I’m relatively new to discrete choice experiments and have really enjoyed learning about the different analysis approaches and techniques used. It is such a rapidly evolving field and there is always something new to learn. While there is a lot happening to push the boundaries, I’ve recently been helping a couple of people with the analysis of their first DCE. While a lot of your analysis approach should be worked out before you begin the DCE, when you get to the point of actually doing the analysis for the first time there is a whole lot of stuff around which commands to use that you might still need help with. I realised there are some references I just keep recommending and coming back to, so I’ve shared them here maybe you’ll find them helpful too.
It often helps to know at the start what you are aiming to achieve at the end. I think this is a nice example of describing the methods and assumptions of a DCE around parental preferences for vaccination programs really clearly and succinctly. The other general information I refer people to is the ISPOR Analysis of DCE guidelines, which include the ESTIMATE checklist of things to consider when justifying your choice of approach.
When I did the DCE course run through HERU in Aberdeen it was suggested that the typical approach to considering analysis of DCEs was to be to start with a simple model and then use more complex models to address specific issues that arise with your data or relate to your research question. This commonly means starting with a conditional logit model, and then considering options such as mixed logit and latent class analysis. The ISPOR Analysis of DCE guidelines have clear descriptions of the theory and assumptions of these approaches, and I found this paper interesting in comparing mixed logit and latent class approaches.
I am originally a SAS user, and so when I first started analysing DCE data I assumed I would do so in SAS. However, after much investigation I’ve realised this is easier said that done and have now moved to using STATA for the DCE analysis, although I’m still much more comfortable doing the data management and preparation in SAS. Using two different packages is time consuming, clunky and the opposite of “reproducible research”, so my next step is to convert managing my DCE data AND analysis in R. I haven’t got very far, so if anyone knows any good packages then please pass them on! I promise to update this page if I find something useful.
It is straight forward to run a conditional logit in SAS using PROC MDC (user guide). Some resources I found helpful to implement PROC MDC is this example code for conditional logit with PROC MDC and this SAS user group paper “Discrete choice modelling with PROC MDC”. The error message I’ve had most often in doing this analysis is “CHOICE=variable contains redundant alternatives” which relates to the data looking like people have chosen more than one option in a choice set. If you get this, check the cleaning and the sorting of your data!
You can do effectively the same analysis using PROC PHREG, as described by this technote, plus there is a suite of marketing research guides that describe various ways to analysis discrete choice data.
Moving on from conditional logit to mixed logit or latent class analysis is more difficult in SAS. There is a guide in this video to running conditional logit models and mixed logit models (using PROC MDC, starts at 5:30 minutes), although I could never get their mixed logit method to work (entirely possible due to user error!). I did also contact the SAS helpdesk and they said it would be difficult, but recommended using PROC BCHOICE (Bayesian Choice) for mixed logit analysis with DCE data that has multiple choice sets per participant. There is some documentation here and a worked example here. Again, I never really got this to work but it could be my mistake.
Having faffed around in SAS for long enough, I caved in and transitioned to using STATA like everyone else in my research group! I found this a really nice introductory, step by step guide to analysis in STATA, including data set up and Conditional Logit and Mixed logit options. There is also this article which is a guide to analysing DCE data and model selection, and includes STATA code (as well Nlogit and Biogene) in the supplementary material. Finally, this working paper is useful for describing the theory and code for doing more advanced models, like Mixed Logit and Latent Class analysis in STATA, although the code isn’t annotated which I found frustrating as a new STATA user.
For latent class analysis is STATA I found this article in the STATA journal a useful description of the command, and this was a nice example of a paper that used mixed logit and latent class models and wrote them up clearly.

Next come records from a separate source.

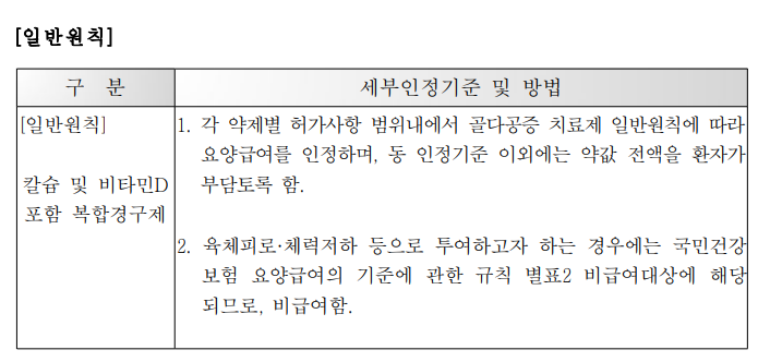 - 각 약제별 허가사항 범위내에서 골다공증 치료제 일반원칙에 따라 요양급여를 인정하며, 동 인정기준 이외에는 약값 전액을 환자가 부담토록 함.
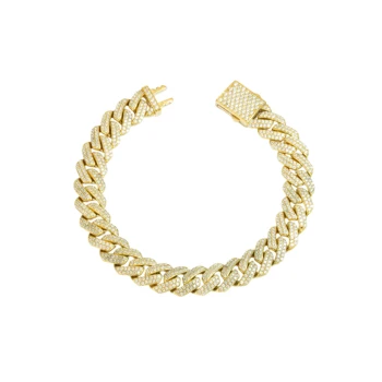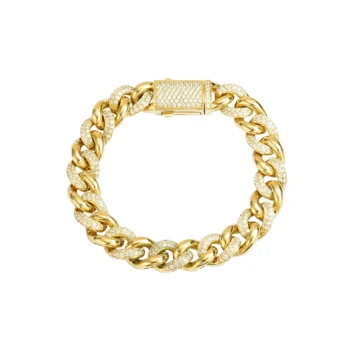 PCX Jewelry Glittering 18K Gold Cuban Chain Bracelet with Full Diamond Pavé for Party & Hip-Hop Street Style
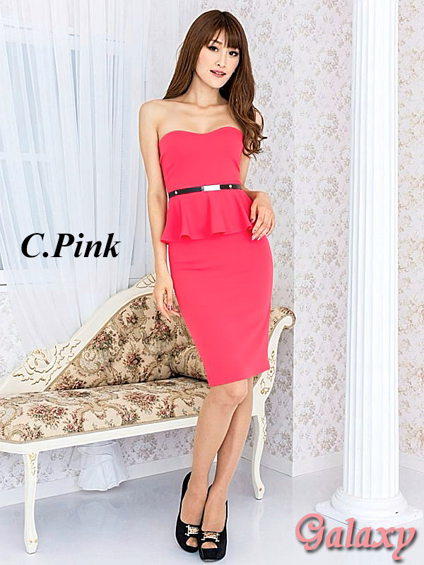 ペプラムデザイン*ベアトップ*シンプルワンカラー*膝丈タイトドレス*2color [3344-6922]

Finally, these three articles (one, two, three) seemed like good examples of calculating and displaying relative importance graphs.
I’m keen to analyse my next DCE in R, so have started looking at how I might do this. I have found the following resources, but if anyone has any experience with DCEs in R then please get in touch!

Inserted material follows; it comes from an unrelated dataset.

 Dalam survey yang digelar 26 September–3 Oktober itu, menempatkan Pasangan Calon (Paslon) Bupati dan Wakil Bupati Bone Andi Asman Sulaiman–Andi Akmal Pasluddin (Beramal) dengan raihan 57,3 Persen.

- Two papers by Aizaki and Aizaki & Nishimura on designing DCEs in R, and including analysis using conditional logit models
- Example R code and case study of mixed logit model with multiple choices per respondent, including analysis and helpful tips, written by Kenneth Train and Yves Croissant
- An mlogit package for analysing DCE data in R, as described in Kenneth Train (2009)
- Thanks to Nikita Khanna for pointing me to this paper & code for doing sample size calculations for a DCE in R.